Малышев кивнул. А Вайс отошел в сторону и сел на стул, будто происходящее его не касалось.
– Этот вполне тебя убить может, – сказал Фёдоров. – И на куски порежет. И съест!
В замызганном «Москвиче»-комби за забором Палыч встрепенулся и даже выронил наушник.
– Гля, они из меня людоеда делают!
Говоров кивнул.
– Я так и понял. Потому пошел к нотариусу, сделал завещание. Если я умру, или пропаду, или еще что, то все мои акции сожгут!
– А где акции-то? – быстро спросил Фёдоров. – Как узнают, что их жечь надо?
– Так я их в банк сдал, на ответственное хранение, – простодушно пояснил Говоров. – Вместе с завещанием. А еще заявления накатал: в газету, в милицию, губернатору. Там все расписано…
Фёдоров, Малышев и Вайс переглянулись в очередной раз. А потом одновременно посмотрели на Говорова. И если бы взгляды могли испепелять, то от новоиспеченного инженера осталась бы только горстка пепла. Но он был невозмутим.

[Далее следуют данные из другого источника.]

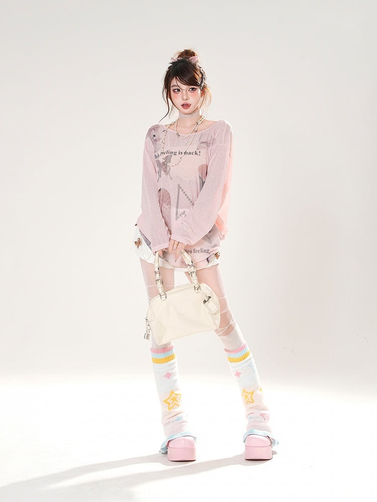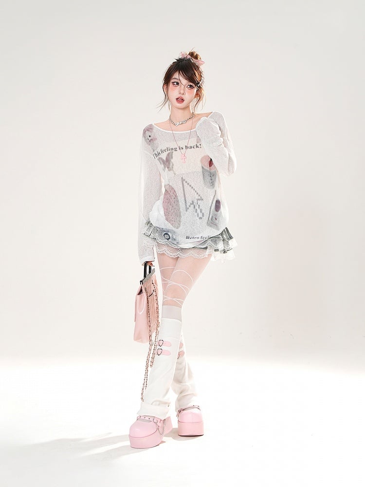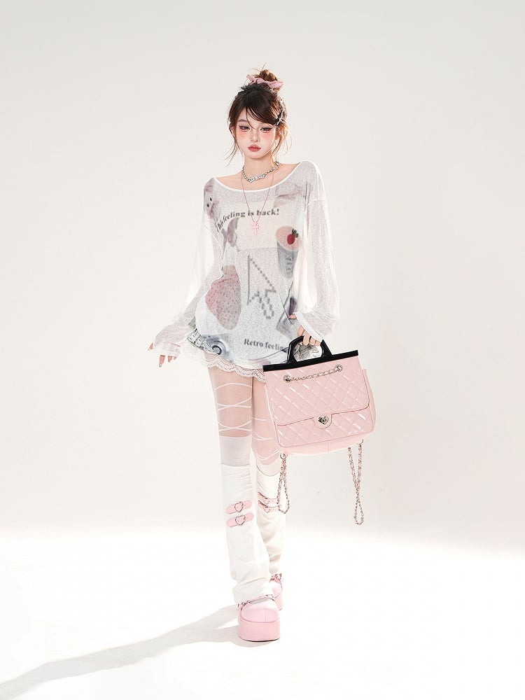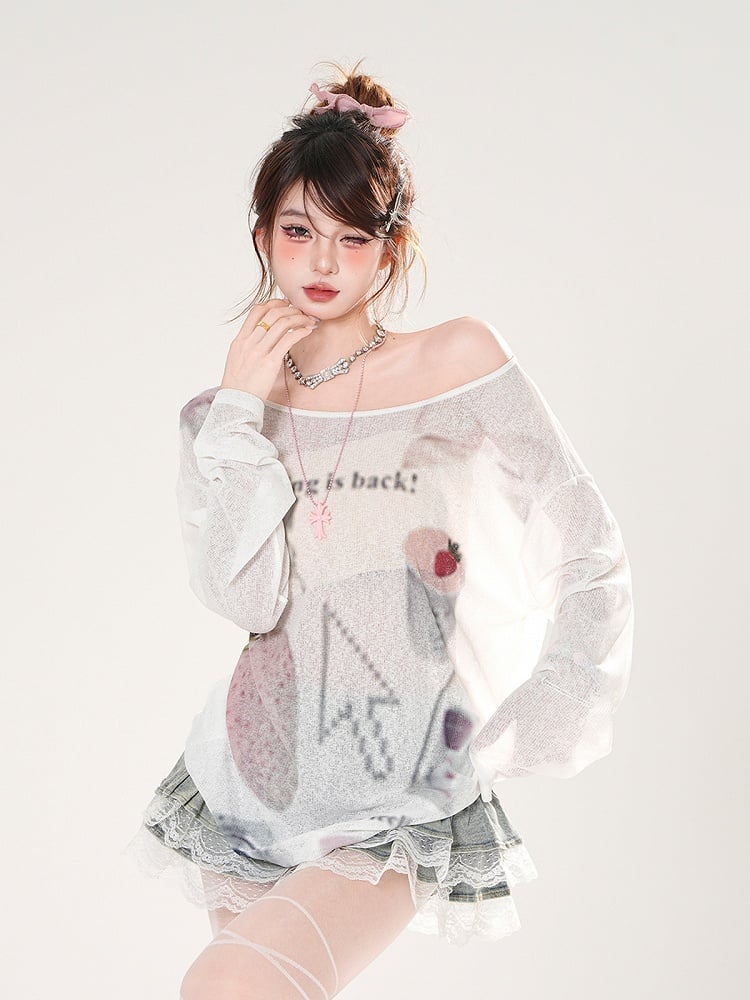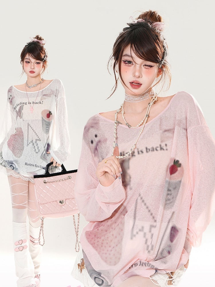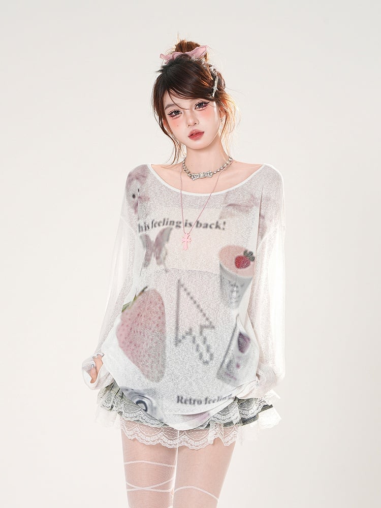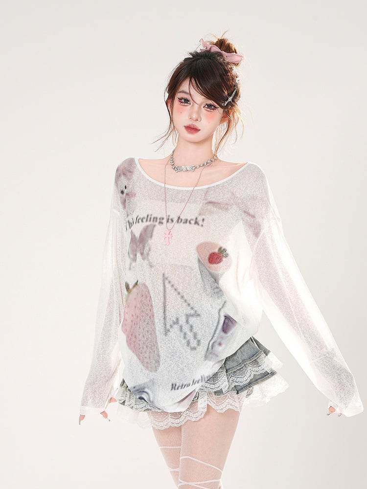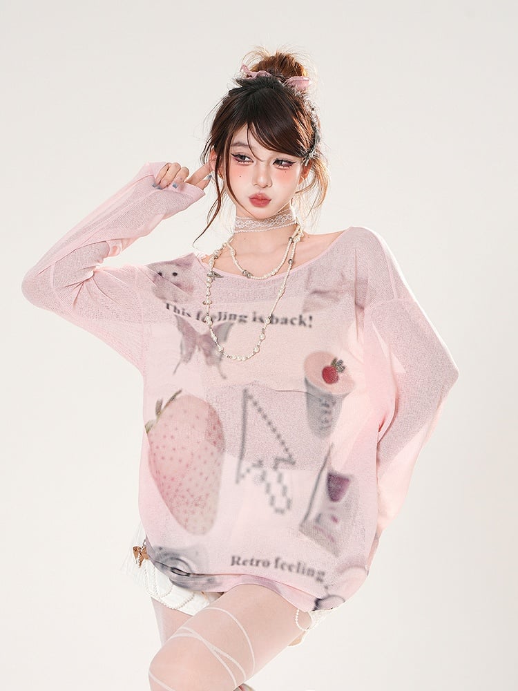 Halbtransparentes Überkleid mit asymmetrischem Ausschnitt und Erdbeerdruck in Weiß/Rosa

– Что ж, разумно, – кивнул Малышев.
– Очень разумно и предусмотрительно, – сквозь зубы похвалил Фёдоров.
А Вайс только кивнул.
– Вы сами это придумали? Или кто-то под-сказал?
– Сам, – скромно сказал Говоров. – Хотя советчиков у меня много!
– Ну и сука! – бросил Палыч в машине, явно адресуя ругательство лоху Говорову.
А лох Говоров достал из-за пояса растрепанную общую тетрадь в черном коленкоровом переплете:
– Здесь все акции переписаны. По порядку, с указанием номеров!
Фёдоров напрягся и сделал повелительный жест, адресованный Вайсу.
– Ну-ка, Германович, посчитай!
– Не я же коммерческий директор! – огрызнулся Вайс, но, поймав грозный взгляд генерального, взял тетрадку и включил калькулятор.
На некоторое время в кабинете наступила тишина. Только щелкали клавиши, которые Вайс нажимал с удивительной ловкостью и быстротой.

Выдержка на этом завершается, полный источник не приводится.